GPUs are the key foothold.Yoo believes that replacing CPUs with GPUs could increase the simulation speed of quantum systems by an order of magnitude.
On paper, these advances would allow a classical computer to simulate about 36 quantum bits. In practice, simulations at this scale require too much node time to be practical; today, the more realistic gold standard is 20 or more. Still, that's 10 quantum bits more than the order of magnitude the researchers were able to simulate a few years ago.

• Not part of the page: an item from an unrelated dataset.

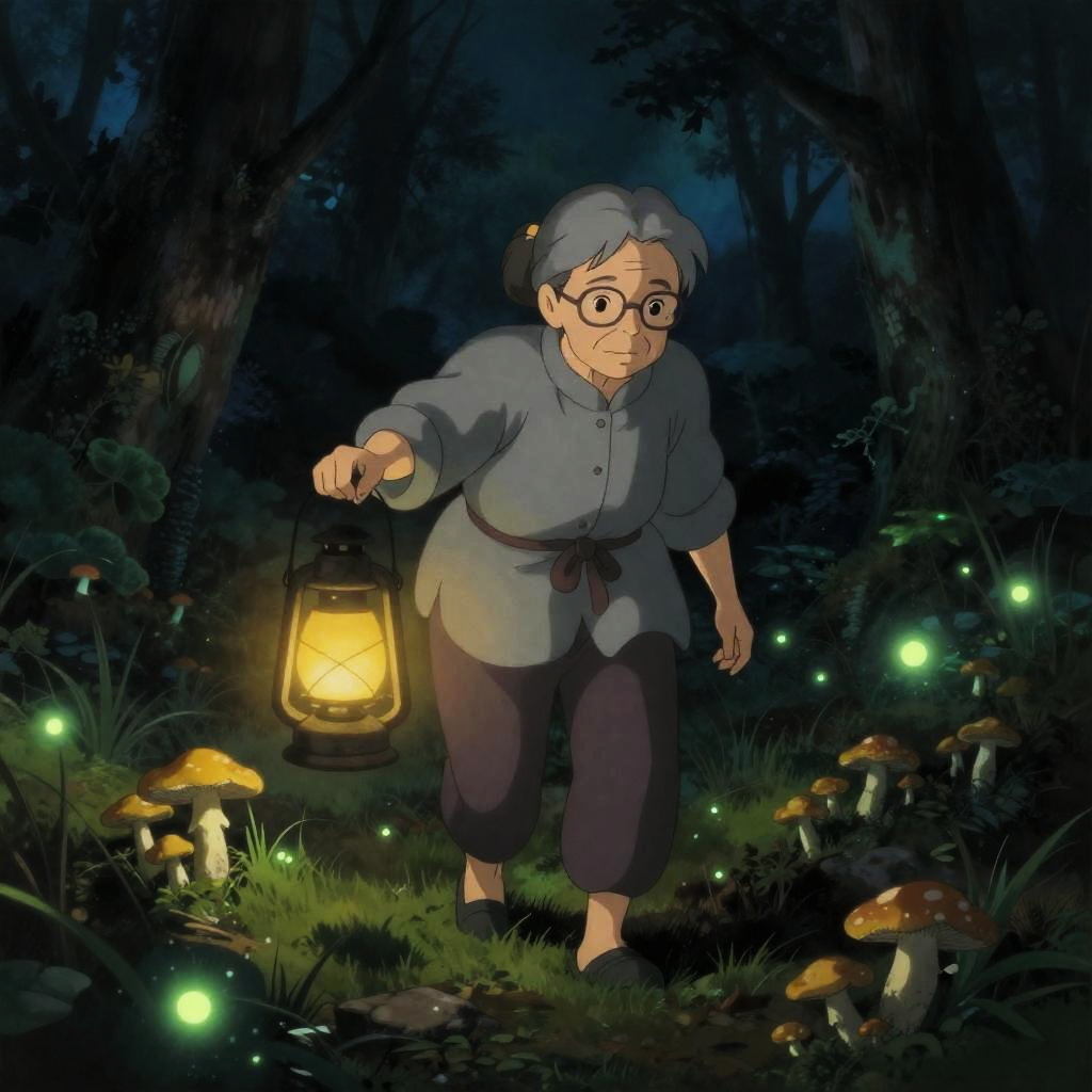 An elderly shaman with a wolf headdress wanders through a glowing crystal cavern under bioluminescent fungi, cinematic a blend of Gustav Klimt & James Gurney with Wes Anderson symmetrical framing, epic fine-art painting, surreal atmosphere, dynamic lighting, scattered yellow mushrooms.

Can classic hardware continue to grow in size? The challenge is huge. The jump from the NVIDIA DGX with 160GB of GP memory to the NVIDIA DGX with 320GB of GPU memory is just one quantum bit. However, Jinzhao Sun argues that classical simulations that try to model more than 100 quantum bits are likely to fail.
Real quantum hardware, at least on the surface, has long exceeded those bit counts. IBM, for example, has steadily increased the number of quantum bits in its own general-purpose quantum processors to hundreds, with ambitious plans to increase those numbers to thousands.
This doesn't mean that simulation won't play a role in a thousand-qubit future. Classical computers can play an important role in simulating certain parts of large systems: validating their hardware or testing algorithms that may one day run in full-size systems.
As it turns out, 29 quantum bits can do a lot.